Australian artist (1890–1978)

Aileen Rose Dent (1890 – 30 March 1978) was an Australian artist known for her portraits, specifically her portrait of Australian aviator Jean Burns.

==Biography==
Dent was born in 1890 in Deniliquin, New South Wales. From 1909 to 1916 she was a student at the National Gallery Art School in Melbourne.

Dent exhibited regularly at the Atheneum Gallery and was a finalist in the Archibald Prize many times. Her paintings were included in the exhibit Australian Women Artists, One Hundred Years 1840–1940.

The National Gallery of Australia owns Dent's portrait of Dame Elizabeth Couchman.

Dent died in Wagga Wagga in 1978.

==Works==
The Charles Sturt University Art Collection holds the largest collection of her works, however her portraiture exists in other public and private collections. Works include:

- Portrait of Jean Burns 1934
- Portrait of H. P. Zwar 1937
- Portrait of Mrs Ryland 1927
- Portrait of Magnus Lagerlof 1935
- Portrait of Dr. H. Friedman 1932
- Portrait of C. Rigby C.B.E. 1942
- Portrait of Miss Gillman-Jones 1928
- Portrait of the Hon. King O'Malley 1934
- Portrait of Major General A. C. Short, CB, OBE 1954
- Portrait of Dr. Roland Wettenhall, M.B., B.S., F.R.A.P. 1952
- Portrait of Mr. Henry Searby, M.S. F.R.C.S., Q.H.S. 1953
- Portrait of Professor Boyce Gibson 1930, finalist, Archibald Prize, 1930
- Portrait of Professor H. F. Schraeder 1927
- Portrait of Albert Edward Swanson, Esq. 1925
- Portrait of Hon. R. K. Whately, MA, MLA 1955
- Portrait of Brin Newton John, Esq.
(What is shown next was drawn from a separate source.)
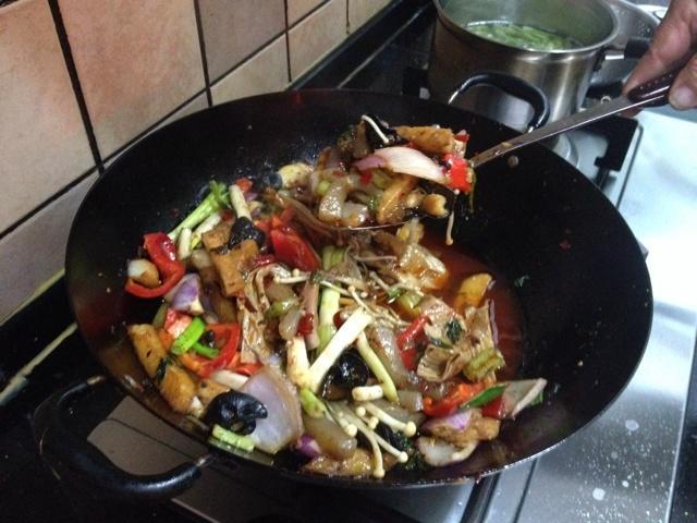 最后依次加入洋葱,红灯笼椒,金针菇。
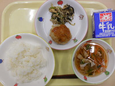 ごはん れんこんハンバーグ梨ソースがけ 磯香和え 沢煮椀 牛乳

M.A. 1956
- Portrait of Miss Joyce Raymond 1938
- Portrait of Sir John Jungwirth, Secretary to the Premier of Victoria 1958
- Portrait of Rev. J. Noble-MacKenzie 1940
- Portrait of Professor H. C. Summers 1943
- Portrait of Rev. Henry Evans 1945
- Portrait of Sgt. W. Geoffrey Smith 1943
- Portrait of Professor John Gillies 1940
- Portrait of C. N. McKenzie, Esq. 1939
- Portrait of Rev. A. J. Stewart 1944
- Portrait of Hon. Sir Frederic W. Eggleston 1944
- Portrait of Sir Charles Lowe 1950
- Portrait of Dr J. M. Baldwin, astronomer 1941
- Portrait of The Right Rev. G. A. Wood, BA 1962
- Portrait of John Allan, Premier of Victoria 1928
- Portrait of Robert McLeish, President of the Green Room Club ca.1950

== Exhibitions ==
- 1943, from 1 December; Inclusion in a group show of ninety-one paintings and etchings with Arnold Shore, Max Meldrum, John Rowell, Jas. Quinn, John Farmer, Mary Hurry, Dora Serle, Margaret Pestell, Dora Wilson, Isabel Tweddle, Allan Jordan, Murray Griffin, George Colville, and Victor Cog. Hawthorn Library.